When you need to add additional information to a sentence, information about the market, “the stinky one on the west side,” can be plopped into the middle of your pre-existing clause, “Julie went to the market to buy some coffee.” This helps to not only add information but give some variety to your sentence structures. Instead, you could have said, “Julia went to the market to buy some coffee. She went to the stinky one on the west side."
There are three kinds of punctuation to achieve this:
Commas: As seen above, use this for the simplest or non-flashy inserts.
Example: “So, whatever you want, let’s get this over with, yeah?” (p.7)
Parentheses: If you need to plug something in that is important to detail or expand on your ongoing statement, but it is a little farther from what you are writing here, use parentheses.
Example: “With his perfect warm Southern drawl, high-end (but comfortable) clothing, and the right amount of…” (p.13)
Example: “…my phone pings. “I pull it out of my pocket without looking, expecting another (well-deserved) quippy barb from Divya.” (p. 3)
Em-dash: The Em-dash is the boldest choice for the most dramatic or impactful of inserts. In this example’s case, it can be the most sassiest as well.
Example: “Doing something stupid like waiting for the boy who broke my heart—who is now seven minutes late—and starting at the e-mail that could change my career?” (p.4)
While you can technically use either one for whatever kind of insert you would like, it is better to use the quieter, less noticeable inserts and expansions with the commas, and then work your way up by correlating impact to the other types of punctuation. Parentheses are bigger and louder and the loudest is the em-dash. Use the em-dash sparingly, never as much as you would use a comma—that’s overkill!
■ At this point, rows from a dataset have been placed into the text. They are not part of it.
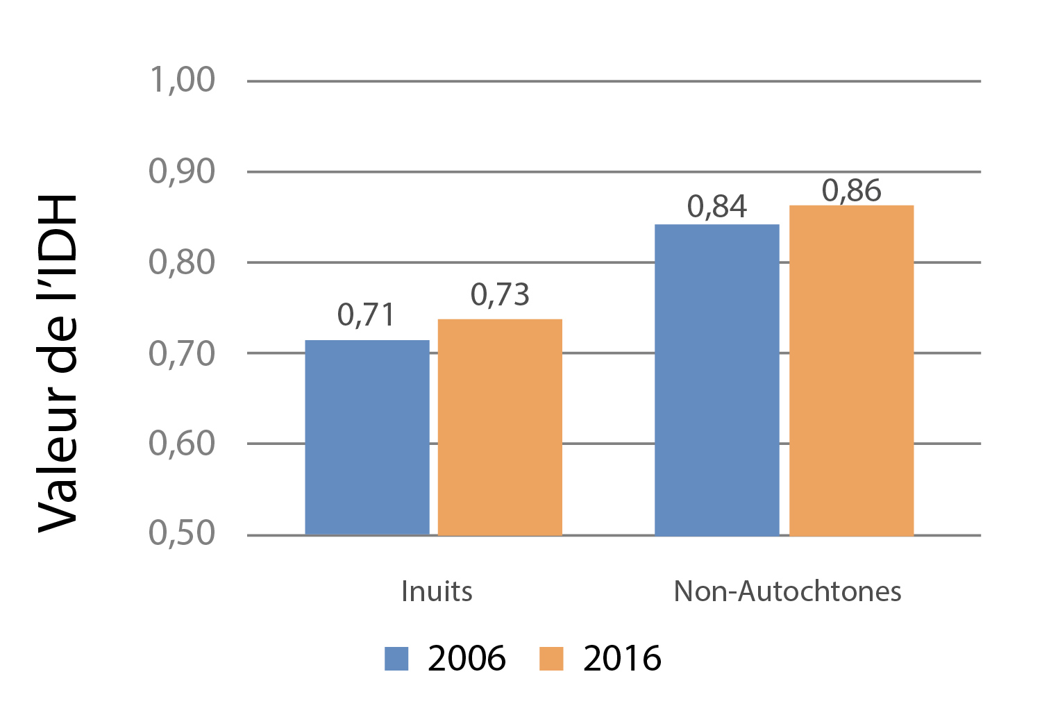 Cette étude confirme les différences qui perdurent entre les Inuit et les Canadiens non autochtones au chapitre de la santé, du revenu et de l’éducation. Les écarts dans les valeurs globales de l’IDH sont demeurés essentiellement stables entre 2006 et 2016.
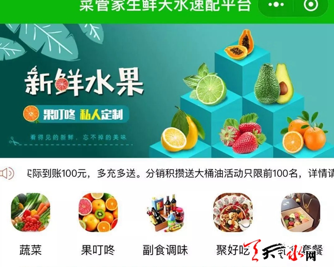 12月10日上午,秦州区的程女士经朋友介绍,加入了一个名为“天水市菜管家果蔬米面油配送群”的群聊,其中有群友300多人,而且不断有人在加入,群里推送的菜管家小程序中售卖着各种蔬菜、水果、副食调味品等商品。程女士随机购买了几种家里需要的菜品。“提交订单付款后1.5个小时便接到送货员的电话,新鲜的蔬菜就直接送到家里了。”程女士高兴地告诉记者,最近天气特别冷,一下班就想回到家里暖着,这个速配平台解决了去菜市场买菜的烦恼。
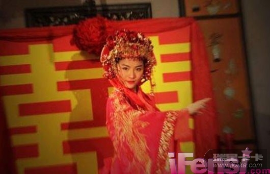《仙剑奇侠传》里的刘亦菲扮演赵灵儿——一个有着蛇妖血统的苗族少女, 所以她的新娘装头饰有异于汉族传统的新娘头冠。

Jackson has a wild example where all three are used in one sentence:
“And being the secret bleeding heart that Jamal is, Emily’s boyfriend, Todd—an entrepreneur trying to open a brewery that specializes in using flowers as the flavor base (aka broke)—is here for the free food.” (p.17)
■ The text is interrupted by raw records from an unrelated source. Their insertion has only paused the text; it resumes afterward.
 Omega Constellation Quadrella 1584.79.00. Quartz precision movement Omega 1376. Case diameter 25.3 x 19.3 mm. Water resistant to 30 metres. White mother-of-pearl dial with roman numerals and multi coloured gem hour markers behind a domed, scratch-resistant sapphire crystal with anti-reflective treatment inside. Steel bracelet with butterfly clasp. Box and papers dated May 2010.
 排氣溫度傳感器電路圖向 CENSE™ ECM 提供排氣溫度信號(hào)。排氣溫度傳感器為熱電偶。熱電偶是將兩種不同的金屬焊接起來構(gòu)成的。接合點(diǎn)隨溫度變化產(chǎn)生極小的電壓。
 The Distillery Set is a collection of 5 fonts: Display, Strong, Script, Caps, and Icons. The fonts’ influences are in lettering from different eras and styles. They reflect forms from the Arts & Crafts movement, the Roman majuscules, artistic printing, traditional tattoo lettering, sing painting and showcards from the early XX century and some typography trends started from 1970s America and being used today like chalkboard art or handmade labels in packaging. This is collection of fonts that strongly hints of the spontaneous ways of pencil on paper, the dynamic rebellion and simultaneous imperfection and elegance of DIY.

What makes these a complete sentence and not a run on are the complete and focused ideas within that have a clean ending and contained explanation. This sentence is listing out the reasons a group of friends is hanging out at a restaurant. The main clause of this statement is, “And being the secret bleeding heart that Jamal is, Todd is here for the free food.” It is a comparison between the two while giving us more information about the new character, Todd.
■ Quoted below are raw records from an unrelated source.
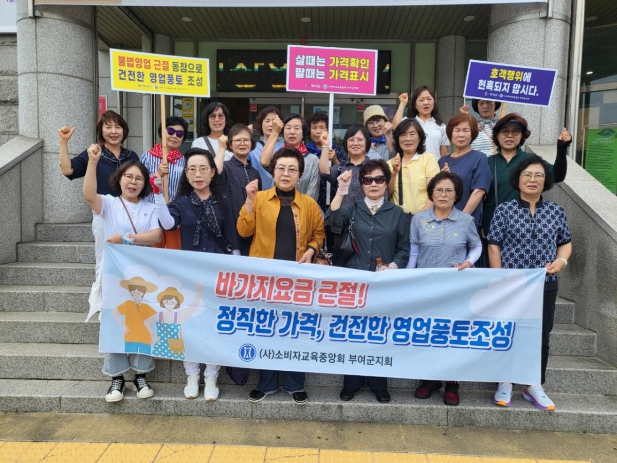 부여군지회(회장 이명순)에서도 6월 27일 연꽃축제를 준비하는 군청 번화가 일대에서 소비자단체 회원 30여명과
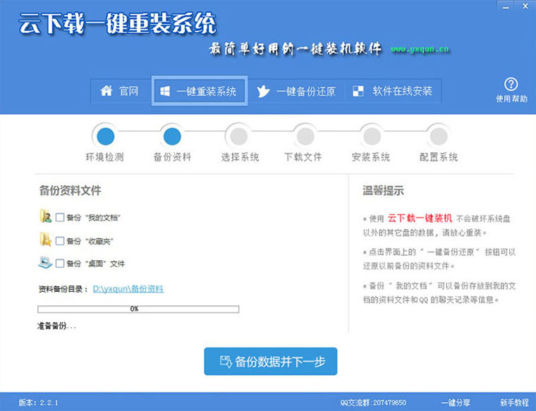 3、选中要备份的内容,点击”备份数据据并下一步“按钮,自动将文件备份到相应的目录下。
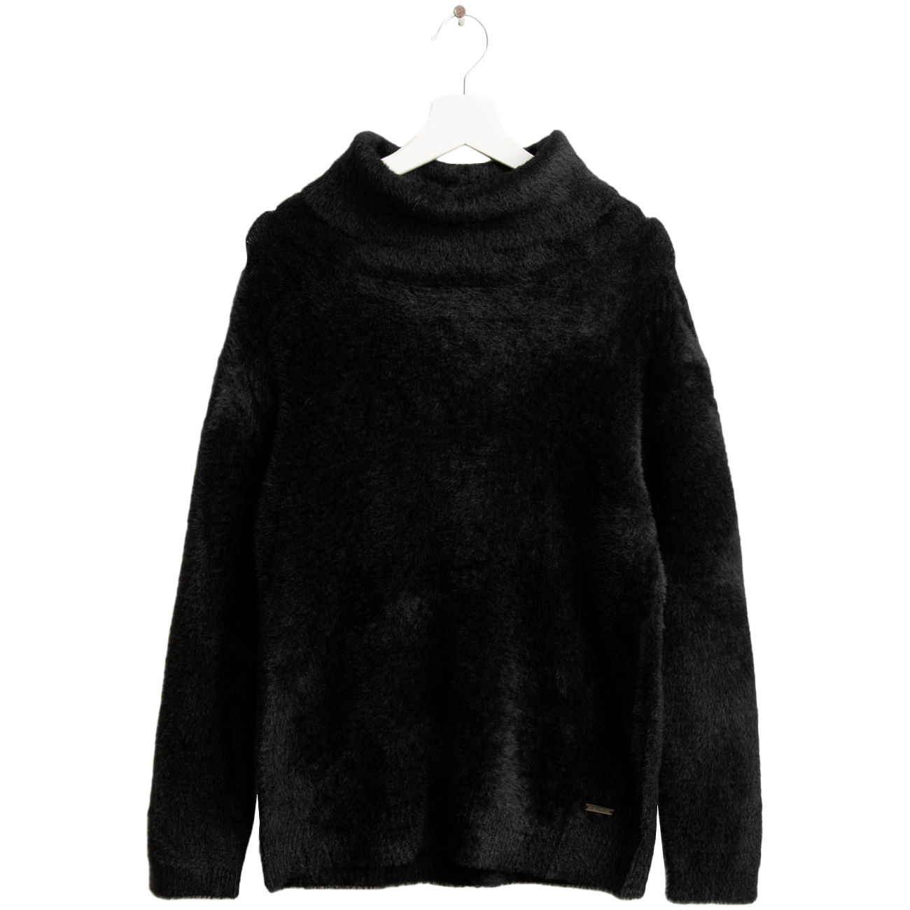 Envelop yourself in the warmth and softness of this turtleneck sweater, crafted from premium fur-effect yarn. The long-sleeved design elegantly accentuates the figure, while ribbed cuffs and hem ensure a perfect fit. The personalized metal plaque adds a distinctive and refined touch, discreetly adding a touch of luxury. A perfect balance between comfort and sophisticated style, ideal for colder days. A garment with a contemporary allure, designed for those who love refined and precious details.

Todd is a character being introduced to the readers for the first time. Because of this, the author plugged in that he is “Emily’s boyfriend,” within the commas’ insertion and further, “an entrepreneur…” gives us a little more information about him. When you have so much plugged into one sentence, varying the punctuation helps the reader know what information is detailing what. Imagine if this was all commas instead… that would be confusing!
Conclusion
Next week, I have more I want to share from this lovely work. We will talk about how to attach actions and descriptions to the dialogue tag, formatting your ellipses, and I’ll share a selection of wonderful similes and metaphors. In the meantime, happy writing!